== What to work on ==
Your copy of the data should leave out the images and match everything else exactly.

== Information shown ==

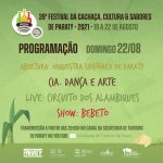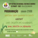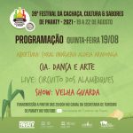 A 39ª edição do Festival da Cachaça, Cultura e Sabores de Paraty, vai acontecer de 19 a 22 de agosto de 2021 em formato online.
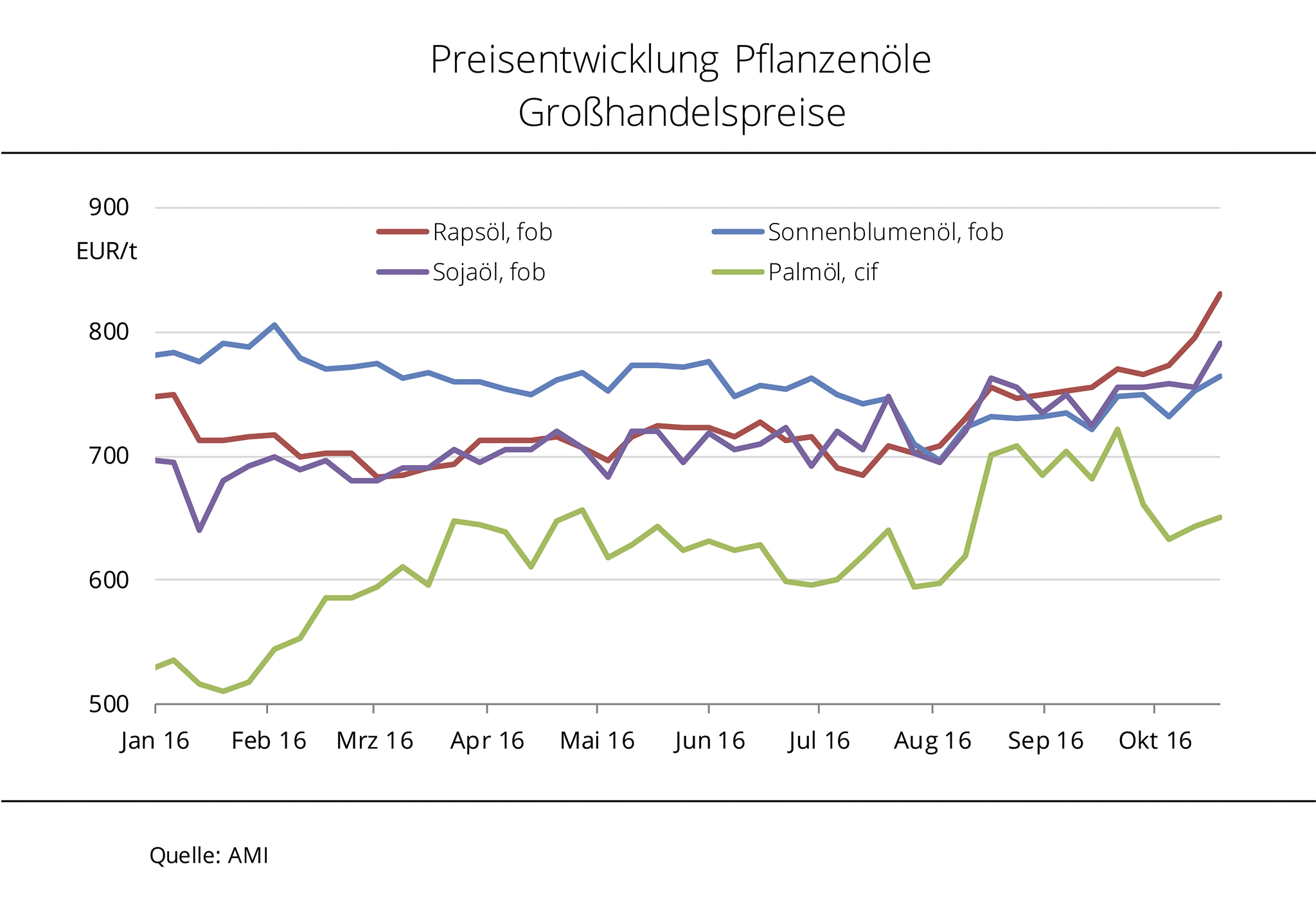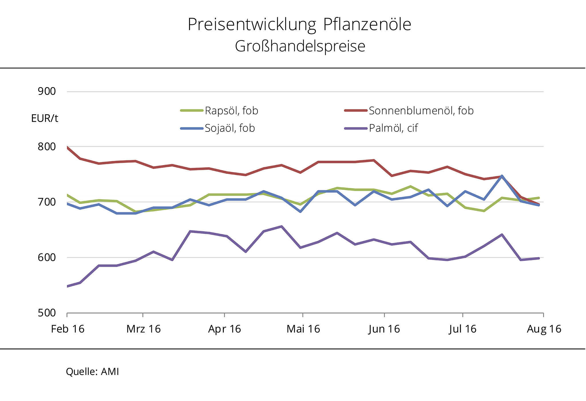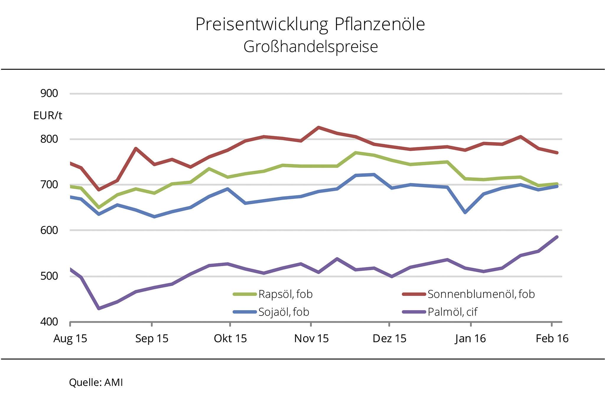 Die Preise für Raps- und Sojaöl nähern sich wieder an. Palmöl ist weiterhin preisgünstig, aufgrund des kräftigen Preisanstiegs in den vergangenen Wochen hat sich der Abstand gegenüber den anderen Pflanzenölen aber deutlich verringert. Weil die Sojaölpreise am europäischen Pflanzenölmarkt mit der Befestigung der Rohstoffkurse in Chicago Mitte Februar 2016 gestiegen sind, liegen sie fast wieder gleichauf mit den Rapsölpreisen. Mit 702,50 EUR/t kostete Rapsöl zur vorderen Lieferung fob Hamburg zuletzt noch 6,50 EUR/t mehr. Deutlich angenähert haben sich auch die Palmölpreise, nachdem sie in den vergangenen Wochen um fast 10 % zugelegt haben. Mit 116 EUR/t war die Differenz zu Rapsöl zuletzt halb so groß wie zu Jahresanfang. Ausgelöst wurde die Palmölpreisrallye von den Aussichten auf ein begrenztes Angebot der Haupterzeugungsländer 2016 aufgrund ungünstiger Vegetationsbedingungen durch El Niño. Das trieb die Palmölkurse in Kuala Lumpur zeitweise auf ein 21-Monatshoch.
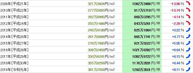 從1985年(昭和60年)開始35年的數據,公示地價的最高值是1119萬2307日元/㎡(1991年),最低值是171萬9322日元/㎡(2000年),兩者的落差是6.51倍。基準地價的最高值是1209萬8888日元/㎡(1988年),最小價格是158萬4565日元/㎡(2004年),兩者的落差是7.64倍。
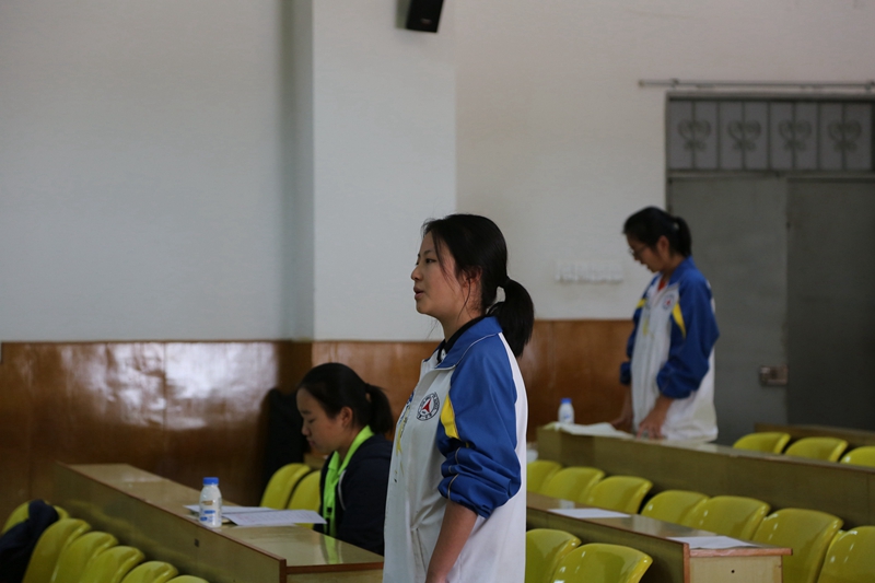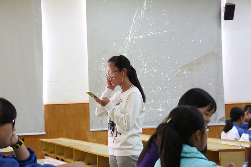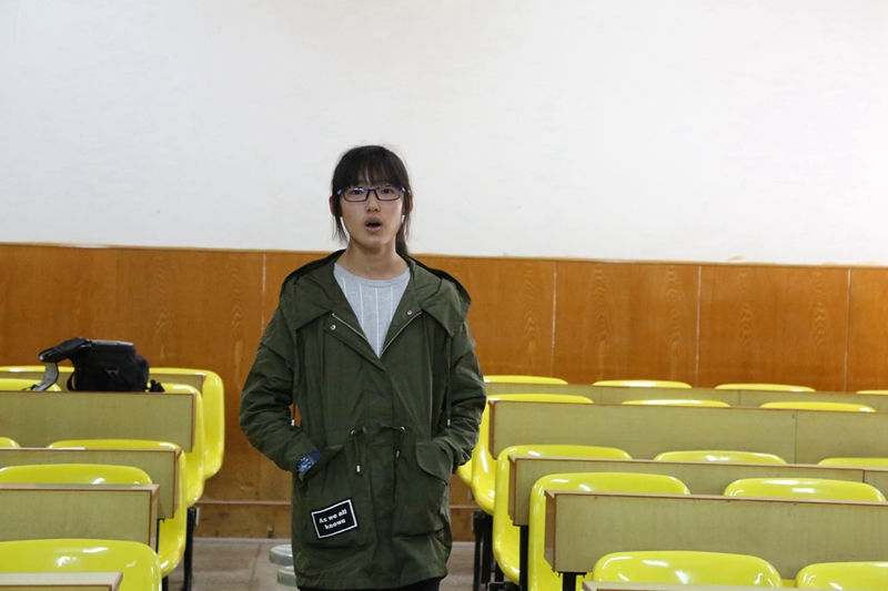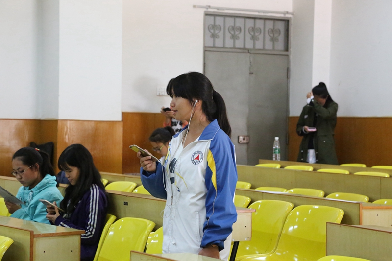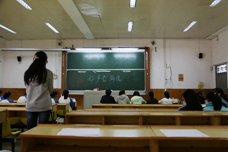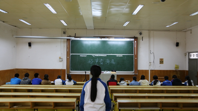 一位女同学入了场,年轻的脸上洋溢的动人的光彩。微微一笑嘴唇翘起浅浅的幅度,流畅的歌声便倾泻而出,跳跃的音符在空气中旋转着,前排的评委们专注而用心,静谧的午后因这场精心打造的海选而显得熠熠生辉。选手们满怀信心地进入又满意欢跃而出。

== Result of this task ==
 A 39ª edição do Festival da Cachaça, Cultura e Sabores de Paraty, vai acontecer de 19 a 22 de agosto de 2021 em formato online.
 Die Preise für Raps- und Sojaöl nähern sich wieder an. Palmöl ist weiterhin preisgünstig, aufgrund des kräftigen Preisanstiegs in den vergangenen Wochen hat sich der Abstand gegenüber den anderen Pflanzenölen aber deutlich verringert. Weil die Sojaölpreise am europäischen Pflanzenölmarkt mit der Befestigung der Rohstoffkurse in Chicago Mitte Februar 2016 gestiegen sind, liegen sie fast wieder gleichauf mit den Rapsölpreisen. Mit 702,50 EUR/t kostete Rapsöl zur vorderen Lieferung fob Hamburg zuletzt noch 6,50 EUR/t mehr. Deutlich angenähert haben sich auch die Palmölpreise, nachdem sie in den vergangenen Wochen um fast 10 % zugelegt haben. Mit 116 EUR/t war die Differenz zu Rapsöl zuletzt halb so groß wie zu Jahresanfang. Ausgelöst wurde die Palmölpreisrallye von den Aussichten auf ein begrenztes Angebot der Haupterzeugungsländer 2016 aufgrund ungünstiger Vegetationsbedingungen durch El Niño. Das trieb die Palmölkurse in Kuala Lumpur zeitweise auf ein 21-Monatshoch.
 從1985年(昭和60年)開始35年的數據,公示地價的最高值是1119萬2307日元/㎡(1991年),最低值是171萬9322日元/㎡(2000年),兩者的落差是6.51倍。基準地價的最高值是1209萬8888日元/㎡(1988年),最小價格是158萬4565日元/㎡(2004年),兩者的落差是7.64倍。
 一位女同学入了场,年轻的脸上洋溢的动人的光彩。微微一笑嘴唇翘起浅浅的幅度,流畅的歌声便倾泻而出,跳跃的音符在空气中旋转着,前排的评委们专注而用心,静谧的午后因这场精心打造的海选而显得熠熠生辉。选手们满怀信心地进入又满意欢跃而出。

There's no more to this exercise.